== Given entries ==
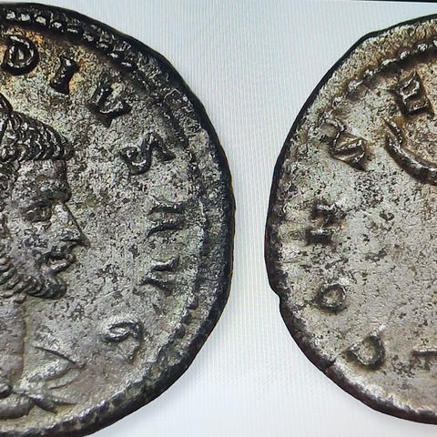 Rev: IOVI CONSERVATORI / X / II Γ / SMHA, Jupiter står til venstre og holder kronen på sejren på globus og scepter; ved fod til venstre, ørn stående til venstre, hoved til højre, holder krans i næbbet; til højre, bundet til fange siddende højre, hovedet til venstre.
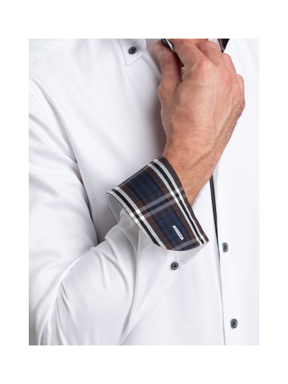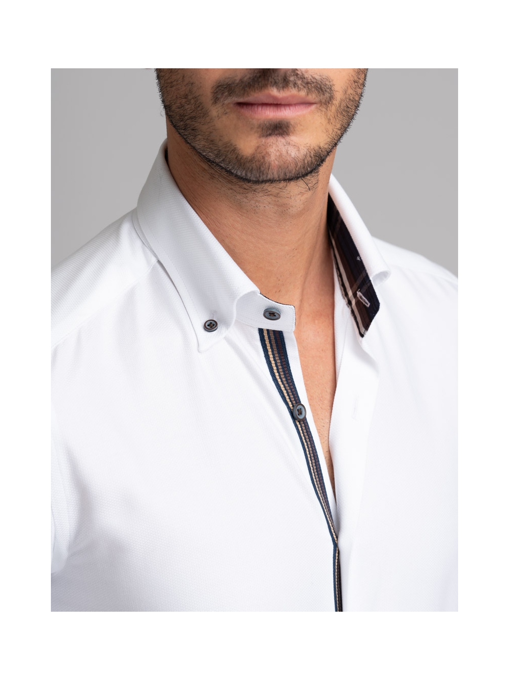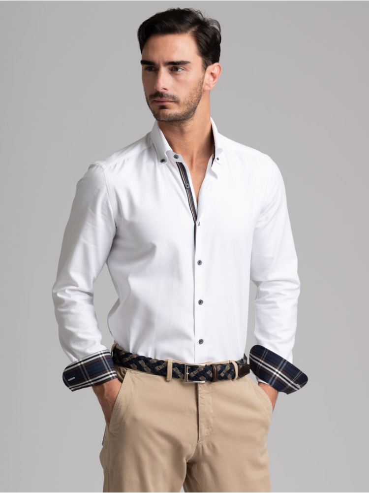 Camicia uomo realizzata in tessuto bianco micro armaturato con collo button down. La camicia è arricchita da un nastro di tessuto fantasia madras a contrasto - nei toni del blu, nero, bianco e marrone - nell’interno collo e polsi, con mosca abbinata. Sul canolo bottoni sono presenti un nastro decorativo degli stessi colori dell’inserto tessuto e bottoni a contrasto bicolore, moro e avio. Con la manica lunga e una vestibilità slim, questa è una camicia casual per una moda uomo ricercata.
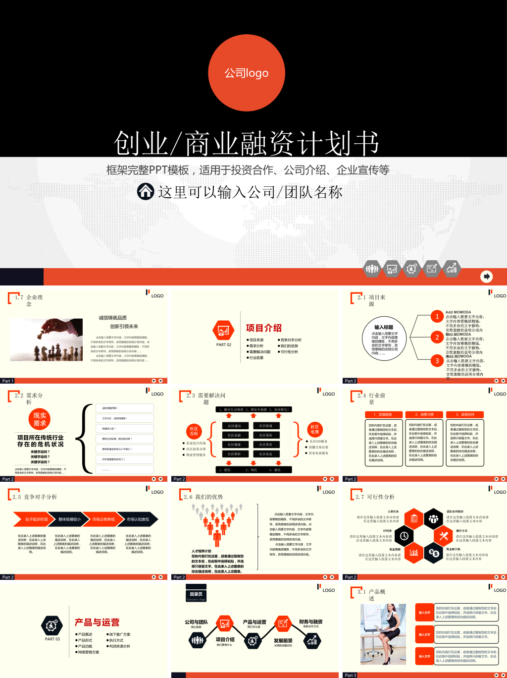 设计使用黑色,灰色,红色多种配色,精美商务风风格设计,动态播放效果,精美实用。
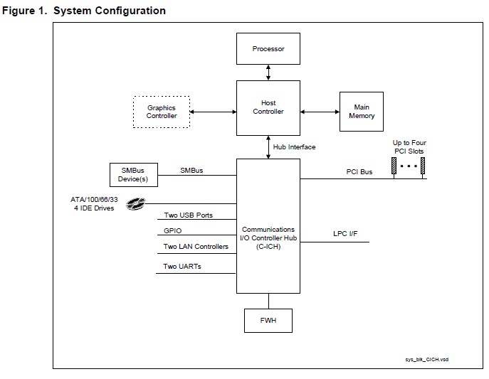 The FW82801DB is a highly integrated multifunctional communications I/O controller hub that provides the interface to the PCI bus and integrates many of the functions needed in today communications applications. It incorporates a variety of PCI functions that are divided into two logical devices (30 and 31) on PCI Bus 0 and one device on Bus 1. Device 30 is the Hub Interface-to-PCI bridge. Device 31 contains all the other PCI functions, except the LAN controller .
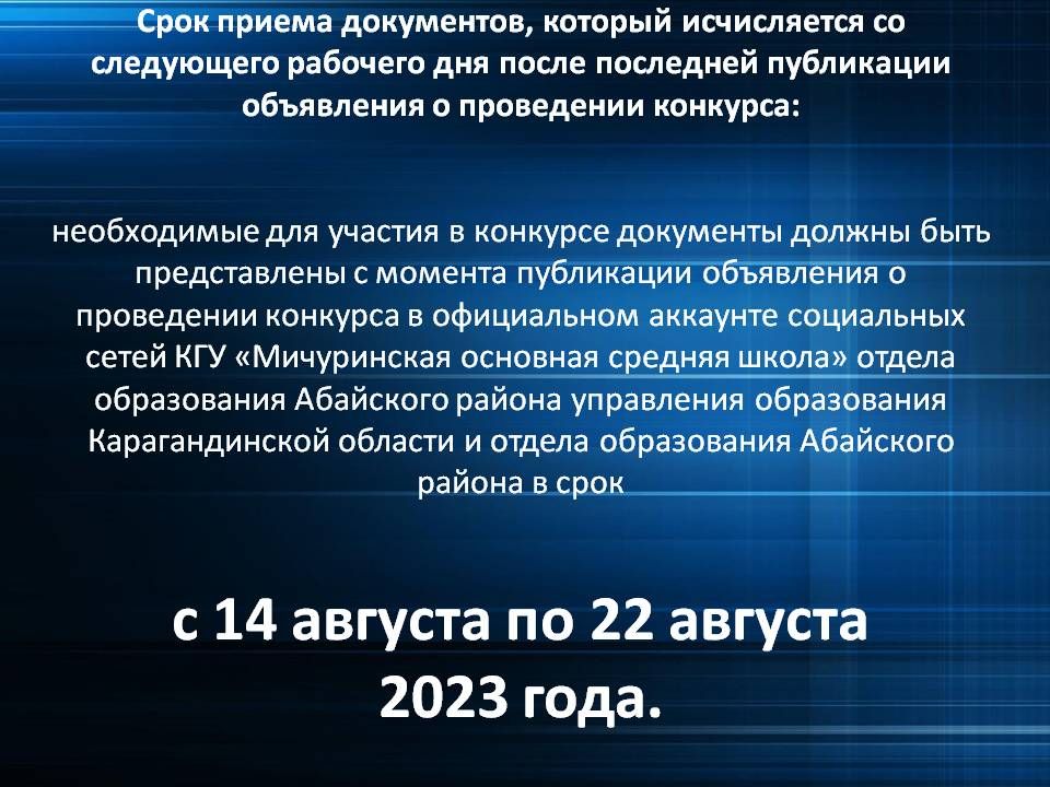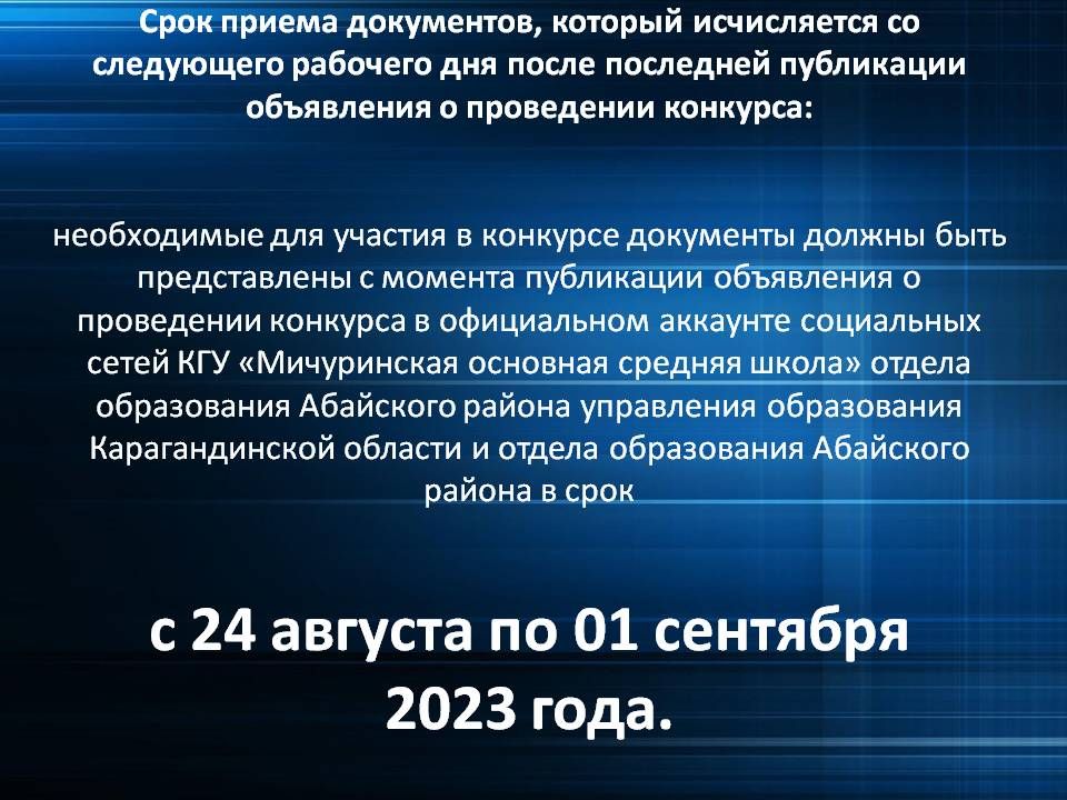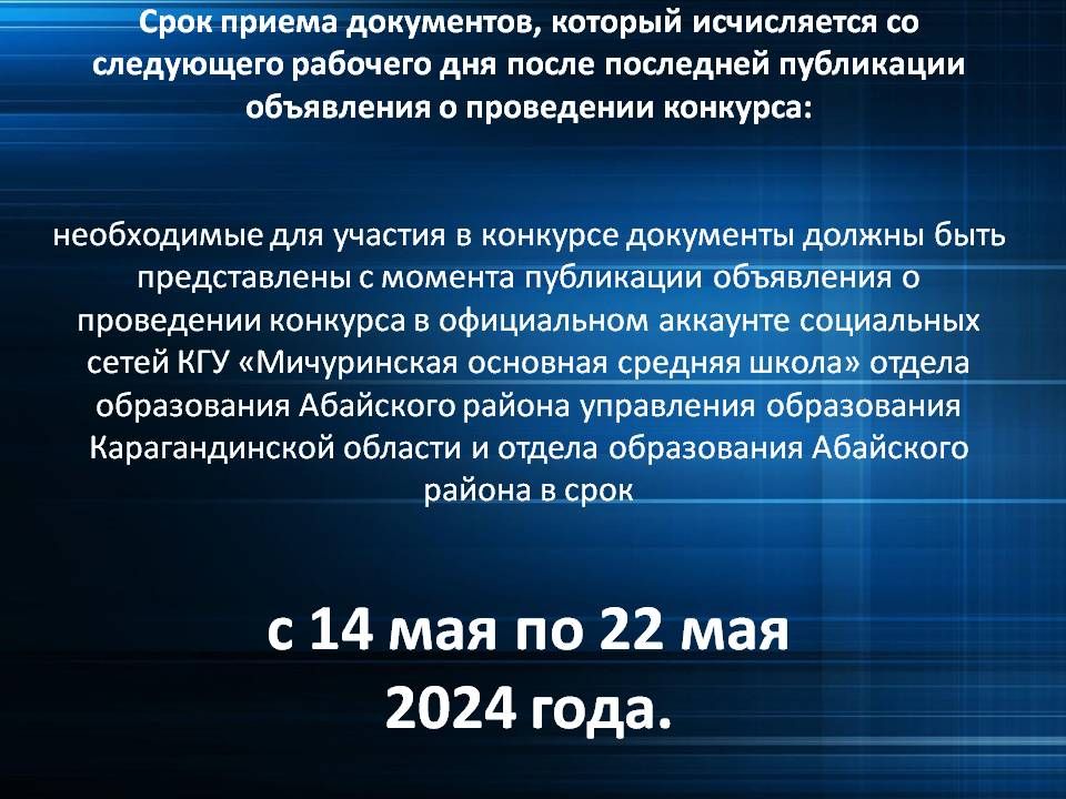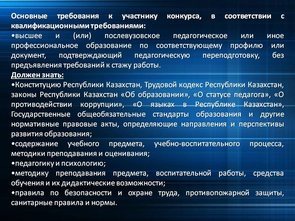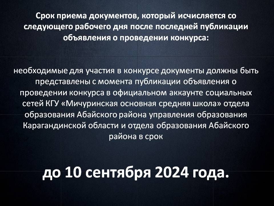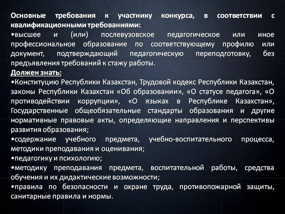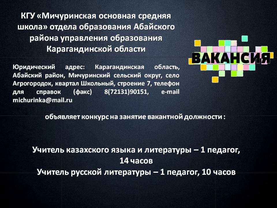 Конкурс на замещение вакантной должности учителей казахского и русского языка
===
Only the lines from the one containing "The FW82801DB is" through the final line of the entries belong in the copy, both ends included. Pictures stay out.

 The FW82801DB is a highly integrated multifunctional communications I/O controller hub that provides the interface to the PCI bus and integrates many of the functions needed in today communications applications. It incorporates a variety of PCI functions that are divided into two logical devices (30 and 31) on PCI Bus 0 and one device on Bus 1. Device 30 is the Hub Interface-to-PCI bridge. Device 31 contains all the other PCI functions, except the LAN controller .
 Конкурс на замещение вакантной должности учителей казахского и русского языка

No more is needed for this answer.